【宅建】抵当権をわかりやすく整理|物上代位・順位・被担保債権の範囲
宅建で頻出の抵当権を、性質(付従性・随伴性・不可分性・物上代位性)・順位・被担保債権の範囲(利息は最後の2年分)・物上代位・第三取得者の保護まで、復習問題つきで分かりやすく解説します。
最終更新:2026-08-05
抵当権は、お金を貸した人(債権者)が、返済されないときに担保の不動産を競売にかけて優先的に回収できる権利です。宅建の権利関係では頻出で、性質・順位・物上代位あたりが繰り返し問われます。
抵当権の特徴は、目的物を債務者の手元に残したまま担保にできること。住宅ローンがまさにそれで、家に住みながら返済していけます。まずは4つの性質から押さえましょう。
抵当権の4つの性質
- 付従性……被担保債権が成立しなければ抵当権も成立せず、債権が消滅すれば抵当権も消滅する
- 随伴性……債権が譲渡されると、抵当権もそれに伴って移転する
- 不可分性……債権全額の弁済を受けるまで、目的物の全部について権利を行使できる
- 物上代位性……目的物の売却代金・賃料・保険金などにも効力が及ぶ
抵当権は、不動産(土地・建物)のほか、地上権や永小作権にも設定できます。土地と建物は別々の不動産なので、一方だけに抵当権を設定することもできます。
確認問題(抵当権・性質)
抵当権の性質に関する次の記述のうち、正しいものはどれか。
- 被担保債権が弁済により消滅しても、抵当権は存続する。
- 債権が譲渡されても、抵当権は移転しない。
- 債権の一部が弁済されれば、その割合に応じて目的物の一部にのみ権利を行使できる。

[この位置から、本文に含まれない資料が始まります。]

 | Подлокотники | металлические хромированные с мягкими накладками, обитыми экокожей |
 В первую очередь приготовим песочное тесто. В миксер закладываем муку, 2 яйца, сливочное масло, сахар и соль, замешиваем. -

- 被担保債権が譲渡されると、抵当権も随伴して移転する。
正解:4
正解は④(随伴性)。①債権が消滅すれば抵当権も消滅(付従性)。②譲渡に伴い移転(随伴性)。③全額弁済まで目的物全部に権利行使できる(不可分性)。
被担保債権の範囲(利息は最後の2年分)
抵当権で優先的に回収できるのは、元本のほか、利息・遅延損害金などです。ただし、後順位抵当権者など他の債権者がいる場合、利息や遅延損害金は満期となった最後の2年分に限られます。

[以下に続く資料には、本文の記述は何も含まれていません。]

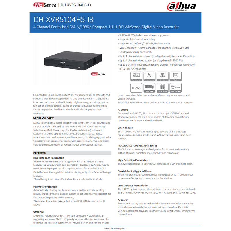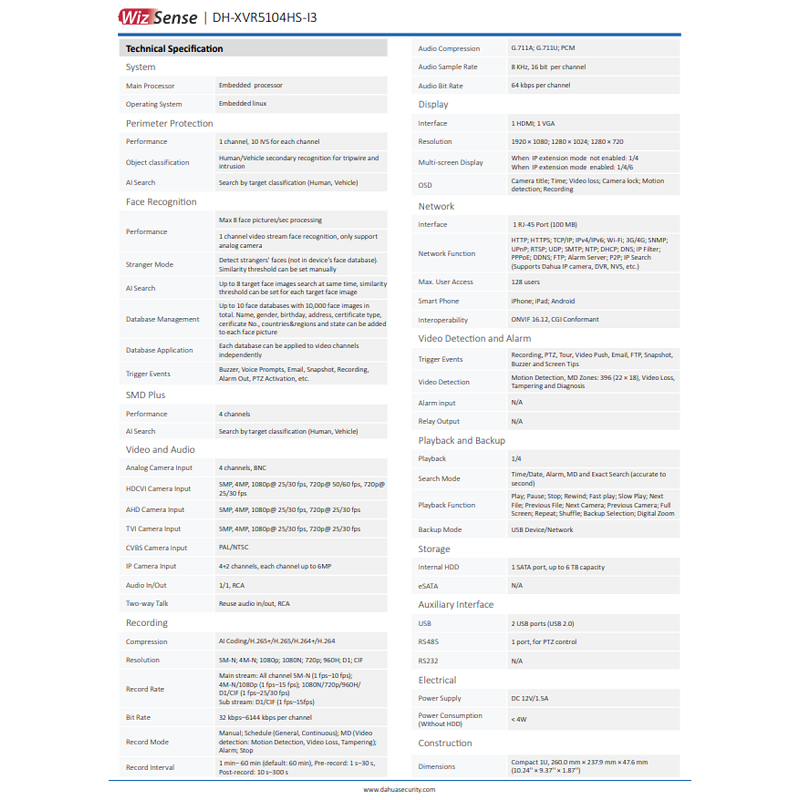 Dahua XVR5104HS-I3 4CH XVR [Penta-brid 5M-N/1080P Compact 1U WizSense 4 Channel Digital Video Recorder (DVR) PC-Mobile APP:iDMSS Lite/DMSS]
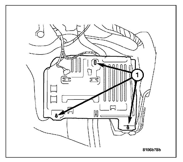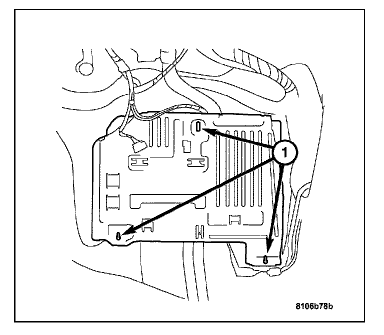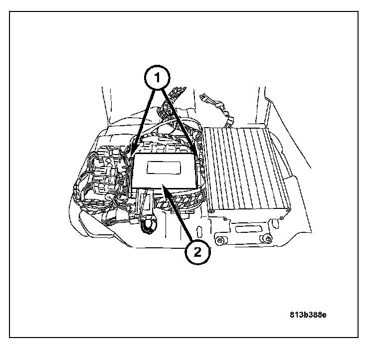 1. Connect the TCM harness connectors and attach the TCM (2) to the base plate with the two retaining screws (1).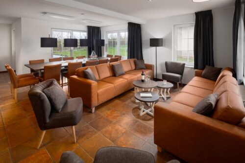 Deze vrijstaande familievilla is geschikt voor 14 personen. De woonkamer met eethoek en televisie grenst aan de open keuken met vaatwasser, filter koffiezetapparaat en magnetron. Beneden zijn 2 slaapkamers met eenpersoonsbedden en 1 badkamer met een douche. In de berging vind je een wasmachine en -droger en er is een apart toilet in de hal. Boven zijn 4 slaapkamers met eenpersoonsbedden en 3 badkamers, waarvan 1 met een ligbad en 1 met een traditionele sauna. Ook vind je boven een apart toilet. Buiten zijn 2 parkeerplaatsen en een tuin met gemeubileerd terras. Je kunt gratis gebruikmaken van wifi.

これは、他の債権者の取り分を確保するための制限です。もし利息が無制限に優先されると、後順位の人が回収できなくなってしまうため、2年分に区切られています。
確認問題(抵当権・被担保債権)
後順位抵当権者がいる場合、抵当権者が優先弁済を受けられる利息等の範囲として正しいものはどれか。
- 満期となった最後の2年分
- 満期となった最後の5年分
- 全期間の利息
- 利息は一切含まれない
正解:1
正解は①。後順位抵当権者などがいる場合、利息・遅延損害金は満期となった最後の2年分に限られます。元本は全額が対象です。
抵当権の順位と物上代位
同じ不動産に複数の抵当権を設定できます。優先順位は登記の先後で決まります。順位を変更するには、各抵当権者の合意と、利害関係人の承諾、そして登記が必要です。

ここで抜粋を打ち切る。